Dumb Friends League starts on $40M renovation; John Malone pledged $20M


The $40 million renovations will bring the DFL’s facility up to 110,000 square feet. (Kailyn Lamb)

One of Colorado’s richest businessmen is looking out for man’s best friend.   

Cable magnate John Malone has pledged $20 million through his foundation to The Dumb Friends League for a three-year project to renovate its facility near the corner of Evans Avenue and Quebec Street.

Dumb Friends COO Apryl Steele said the upgrades will expand the DFL’s facility at 2080 S. Quebec St. from 84,500 to 110,000 square feet.

Steele said the nonprofit, which placed 19,000 dogs, cats and other pets in homes last year, needs more room and better clinic space.

“We have the support from our community to do that operationally, we just need the facility to make that happen.”
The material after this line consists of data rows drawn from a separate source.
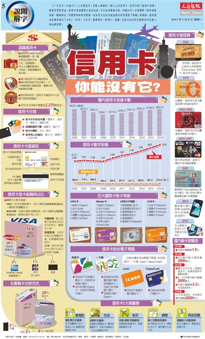 「一卡在手,行遍天下!」打開皮夾,多數人都擁有一張以上的信用卡。信用卡除了能刷卡消費,還提供預借現金,其與付現消費最大差別包括:可以先消費後付款、回饋紅利、分期優惠、提供道路救援、機場接送、免費停車等特別服務,但信用卡也存在被盜刷及使用過度「刷爆」等風險,甚或變成負債累累的「卡奴」。如何一卡在手,萬事順手,我們以一張圖,呈現它的多彩多變與如何改變人類消費習慣。
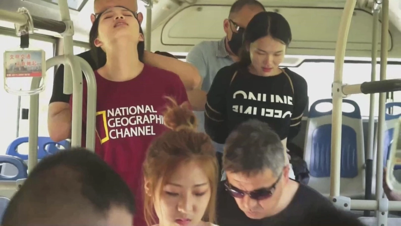 一辆行驶在荒山野岭的公交车上,忽然上来了一伙劫匪,他们虽然口中叫嚣着要打劫,可是似乎对乘客的钱财并不感兴趣,最后还把车上的所有男乘客都赶了下去。
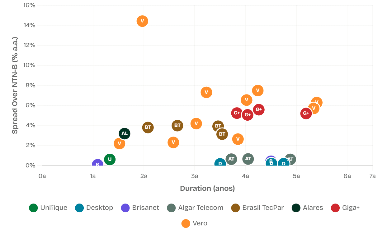 Conclusão: A tese setorial dos ISPs regionais brasileiros continua válida, mas exige seleção rigorosa. Para os papéis saudáveis — Unifique (brAA), Brisanet (brAA-), Desktop (brA+ CW+) — os spreads atuais refletem qualidade de crédito real. Para os estressados, a questão que define 2026-2027 é se a geração de caixa vai melhorar rápido o suficiente para sustentar o serviço da dívida num ambiente de juros ainda elevados.
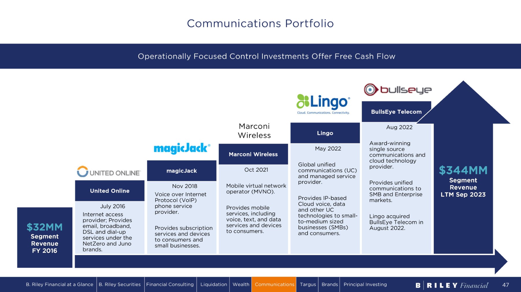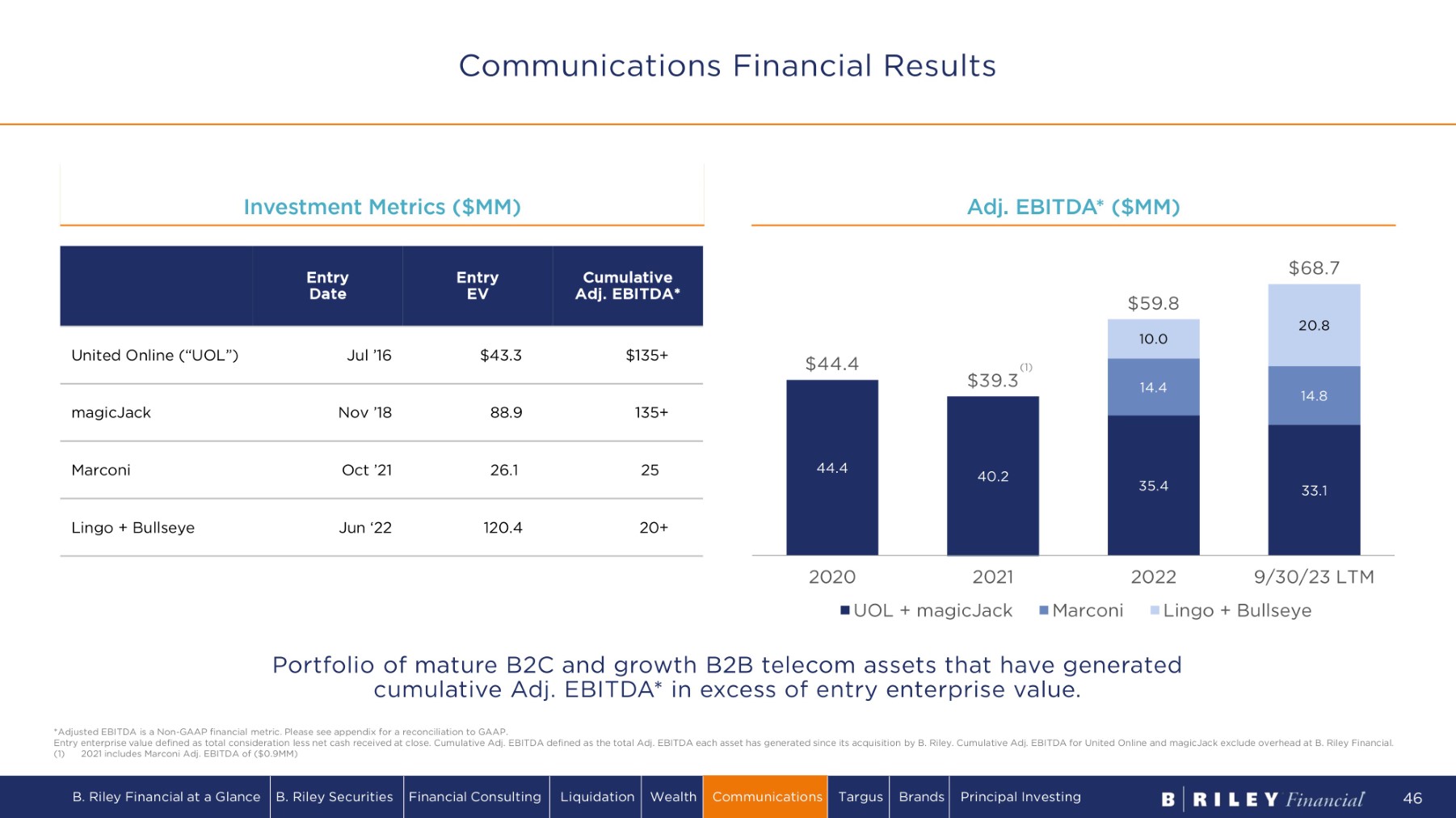 44.4 40.2 35.4 33.1 14.4 14.8 10.0 20.8 $ 44. 4 $ 3 9 . 3 $ 5 9 . 8 $ 6 8 .7 2020 2021 UO L + m a g i c Ja c k M a r c o ni 2022 9/30/23 LTM Lingo + Bullseye A d j . E B I T D A * ( $ MM ) Cumulative Adj. EBITDA* E n t r y EV E n t r y Date $135+ $43.3 Jul ’16 United Online (“UOL”) 135+ 88.9 Nov ’18 magicJack 25 26.1 Oct ’21 Marconi 20+ 120.4 Jun ‘22 Lingo + Bullseye I n v e s t m e n t M e t r i c s ( $ MM ) Portfolio of mature B2C and growth B2B telecom assets that have generated cumulative Adj. EBITDA* in excess of entry enterprise value. *Adjusted EBITDA is a Non - GAAP financial metric. Please see appendix for a reconciliation to GAAP. Entry enterprise value defined as total consideration less net cash received at close. Cumulative Adj. EBITDA defined as the total Adj. EBITDA each asset has generated since its acquisition by B. Riley. Cumulative Adj. EBITDA for United Online and magicJack exclude overhead at B. Riley Financial. (1) 2021 includes Marconi Adj. EBITDA of ($0.9MM) ( 1 ) Communications Financial Results B. Riley Financial at a Glance B. Riley Securities Financial Consulting Liquidation Wealth Communications Targus Brands Principal Investing 46

The DFL has raised $6 million so far – a combination of individual pledges and Malone’s match – which will rebuild the dog adoption area and expand the veterinary clinic and admissions area.

Steele said that much of the construction costs will go toward ventilation to keep out odors and help maintain disease control.

The organization reported revenue of $16.8 million in 2016, according to tax filings.

John Malone (Getty/Drew Angerer)

John and Leslie Malone also helped the DFL fund its Harmony Equine Center in Franktown near Castle Rock, which opened in 2012. The philanthropists also have donated to Colorado State University’s veterinary school, including a $42.5 million gift for the Institute for Biologic Translational Therapies in December 2014.

“We have a longstanding relationship with them,” Steele said. “They like that we are a nonprofit that runs like a business.”

Construction on the dog adoption area has begun. The main part of the building, which was first built in 1974, will be demolished and rebuilt starting in July.

While parts of the DFL facility had been added or renovated over the years, the dog adoption facility remains much the same as when it was built 43 years ago. It currently holds 100 kennels, and only has one drain.

“It was state of the art at the time – it’s not now,” Steele said.

The new dog adoption area will include sound proofing and isolated, enclosed holding areas for dogs that are unfriendly or sick. More room for animals means the DFL can accommodate shelters outside of the state that may not have room to care for large numbers of dogs or cats.